일 실시예에 따르면, 뉴럴 프로세서는 복수의 프로세싱 엘리먼트 그룹들을 포함하고, 상기 프로세싱 엘리먼트 그룹들 각각은 벡터 연산을 수행하는 복수의 프로세싱 엘리먼트들; 상기 복수의 프로세싱 엘리먼트들에 의해 공유되고, 상기 복수의 프로세싱 엘리먼트들 중 오버플로우(overflow) 또는 언더플로우(underflow)가 발생하는 프로세싱 엘리먼트에 의하여 점유되는 오버플로우 누산기(overflow accumulator); 및 상기 오버플로우 누산기를 점유하는 점유 프로세싱 엘리먼트를 지시하는 정보를 저장하는 레지스터(register)를 포함한다. According to one embodiment, a neural processor includes a plurality of processing element groups, each of the processing element groups comprising a plurality of processing elements that perform a vector operation; an overflow accumulator shared by the plurality of processing elements and occupied by a processing element in which an overflow or underflow occurs among the plurality of processing elements; and a register that stores information indicating an occupied processing element that occupies the overflow accumulator.

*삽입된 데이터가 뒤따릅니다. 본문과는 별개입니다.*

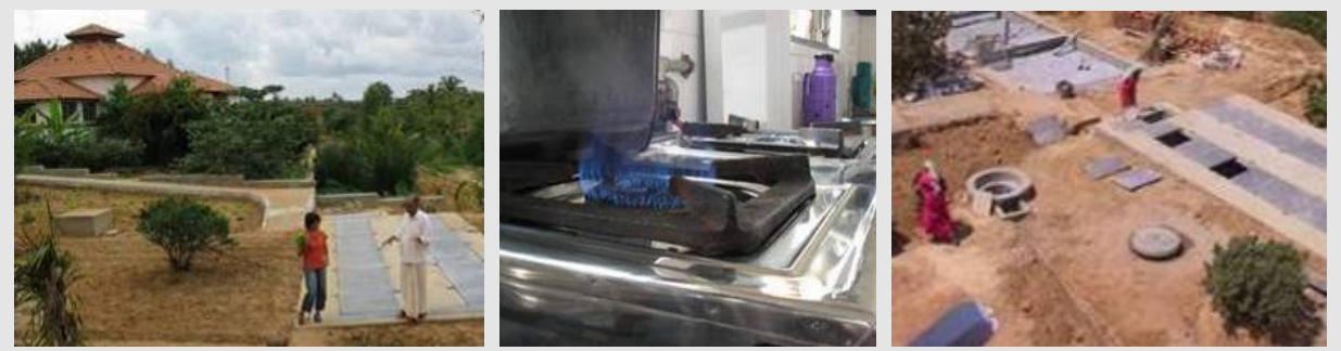
Figure 11: Surroundings of Camphill Trust building do allow reuse of treated water and produced fertiliser (left) Biogas is used for cooking (R) Biogas plant with sludge drying beds (L)

The treatment system consists of 4 parts: Biogas settler, baffled reactor, planted gravel filter and the collection pond. The wastewater streams from the toilets, bathrooms, laundry and kitchen are channelled from different residential blocks and collected in a common place near the treatment system. The grease traps at the source provides pre-treatment to retain oil and grease by floatation. A fixed dome type of Biogas settler is installed that stores the biogas produced (approximately 2 to 4 m<sup>3</sup>/day) due to the digestion of settled organic particles under anaerobic conditions. The baffle reactor ensures anaerobic degradation of suspended and dissolved solids by mixing fresh wastewater with an activated sludge blanket while a planted gravel filter is used as tertiary treatment unit where aerobic and facultative degradation of dissolved organics occur. The collection pond is used to store the treated water.
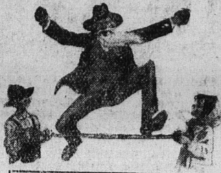
See! That there stuff (Nuxated Iron) acts like magic. It certainly puts the ginger of youth into a man.

"Iron is absolutely necessary to enable your blood to change food into living tissue. Without it, no matter how much of what you eat, your food merely passes through you without doing you any good. You don't get the strength out of it, and as a consequence you become weak, pale and sickly looking, just like a plant trying to grow in a soil deficient in iron. A patient of mine remarked to me (after having been on a six weeks' course of Nuxated Iron), 'Say, Doctor, that there stuff is like magic.'"
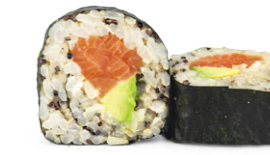
Salmon quinoa roll (5pcs.) / 7.5 Brown rice roll with quinoa, salmon and avocado
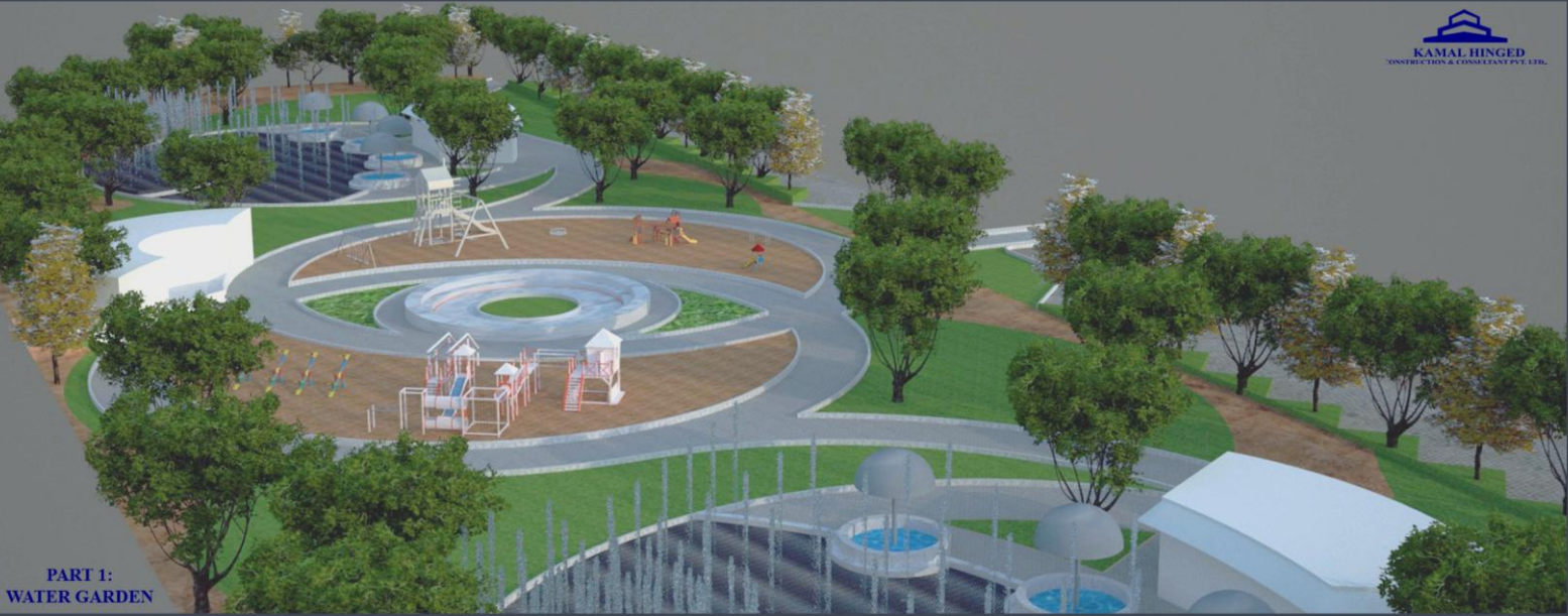
PART 1: WATER GARDEN
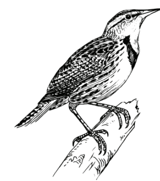
Saturday, May 7 Spring Migration

This trip will be for no more than 20 birders who want to learn some of the tricks of the trade and take the opportunity to see the migratory birds that should be in the Gardens at this time. We will start at 6:30 a.m. and then bird for two hours. We will target migrants such as Western Tanager, several warbler and vireo species, all three species of gold-finches, grosbeaks, Rufous and, if we are lucky, Calliope Humming-birds, and much more. We anticipate at least 35 interesting species.
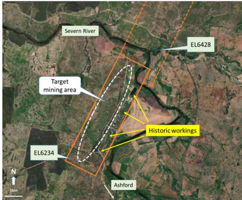
Map – Target Mining Area
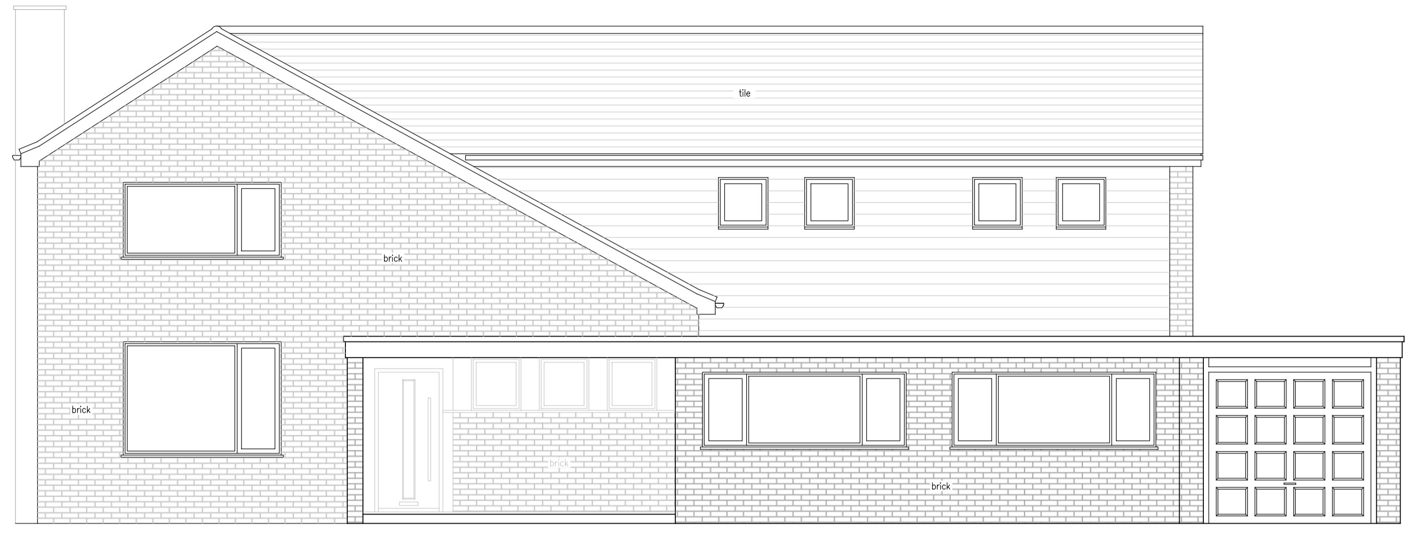
existing front elevation 1:50

NOTES: © TS DRAWING SERVICES all dimensions have been site surveyed by use of tape/laser tape and are as approximate the contractor is responsible for checking all dimensions on site prior to the commencement of work. all works to be carried out the satisfaction of the local authority building inspector and in accordance with the latest nhbc standards.
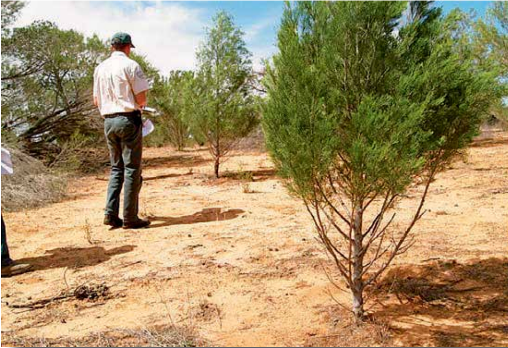
FIGURE 3: Absence of small seedlings and a distinct 'browse-line' 500 millimetres above the ground on older saplings indicates severe rabbit impact (Damage score = 5).

In some instances rabbits may have eaten all of the seedlings but the severity of grazing can still be ranked at '5' from the presence of a distinct 'browse-line' 500 millimetres above the ground on older saplings or mature shrubs with lower foliage within reach of the rabbits (see Figure 3 ).
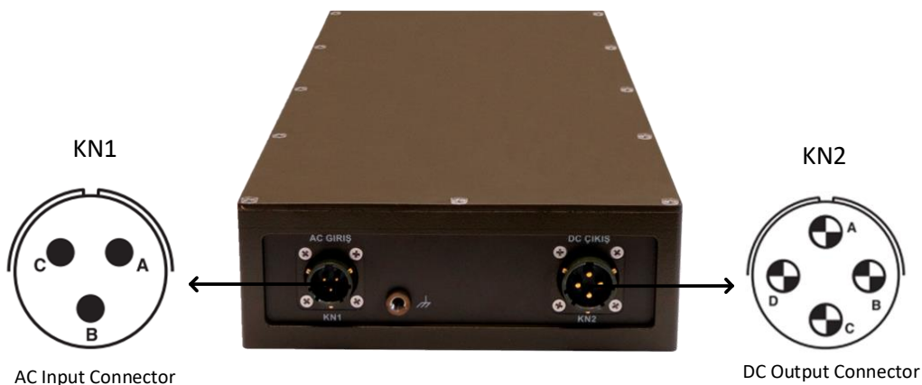
Figure 3: Connector Interface

The unit has two connectors for power input and power output, 'KN1' and 'KN2'. Part numbers and pin information are given below.
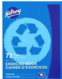
#12154 Unlined notebook (light blue)
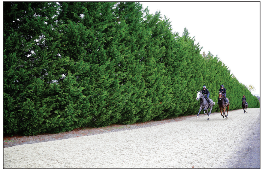
The New Tapeta 10 on the main all-weather track.
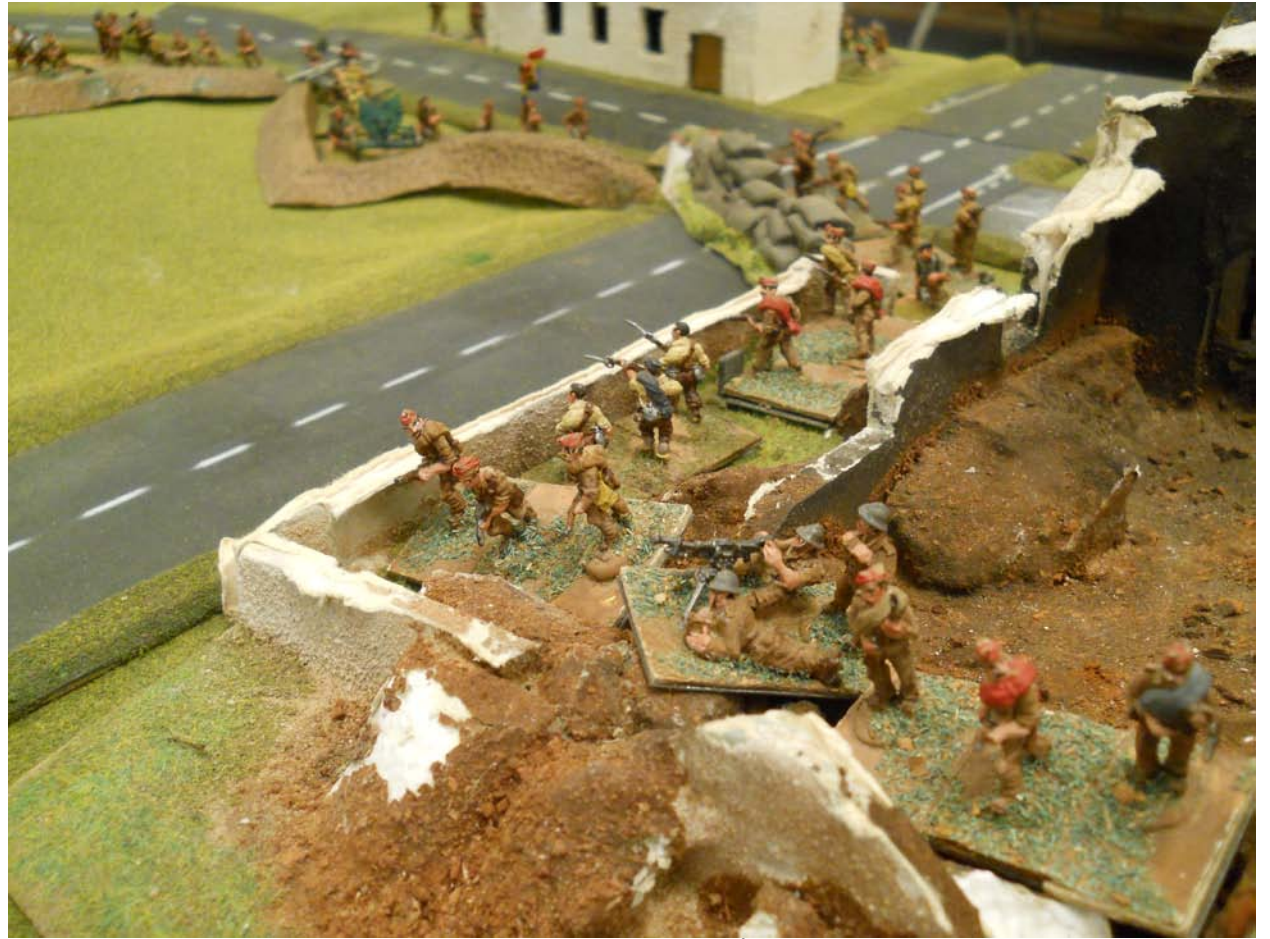
Elements of the 1<sup>st</sup> Bis, A Spin Off of the PCE 5<sup>th</sup> Regiment Dug In at Trijuique

DISASTER ON THE CARATARA FRANZIA SIEGE OF AUGUSTA 2011

상기 오버플로우 누산기는 상기 프로세싱 엘리먼트들 각각에 포함된 누산기들으로부터 수신한 오버플로우가 발생하였는지 여부 혹은 언더플로우가 발생하였는지 여부를 지시하는 정보를 기초로 상기 점유 프로세싱 엘리먼트의 누산기의 연산 결과를 누산(accumulation)할 수 있다. The overflow accumulator accumulates the operation result of the accumulator of the occupied processing element based on information indicating whether overflow or underflow has occurred received from the accumulators included in each of the processing elements ( accumulation) can occur.

상기 정보는 오버플로우(overflow), 언더플로우(underflow), 및 논(none) 중 적어도 하나를 지시할 수 있다. The information may indicate at least one of overflow, underflow, and none.

상기 오버플로우 누산기는 상기 복수의 프로세싱 엘리먼트들 각각과 파이프라인 상호 연결(pipelined interconnect )을 통해 연결될 수 있다. The overflow accumulator may be connected to each of the plurality of processing elements through a pipelined interconnect.

상기 뉴럴 프로세서는 상기 점유 프로세싱 엘리먼트를 지시하는 정보를 기초로, 상기 벡터 연산을 수행하는 복수의 프로세싱 엘리먼트들에 의해 공유되는 오버플로우 누산기가 상기 복수의 프로세싱 엘리먼트들 중 적어도 하나에 의해 점유되는지 여부를 체크할 수 있다. The neural processor determines whether an overflow accumulator shared by a plurality of processing elements performing the vector operation is occupied by at least one of the plurality of processing elements, based on information indicating the occupied processing element. You can check it.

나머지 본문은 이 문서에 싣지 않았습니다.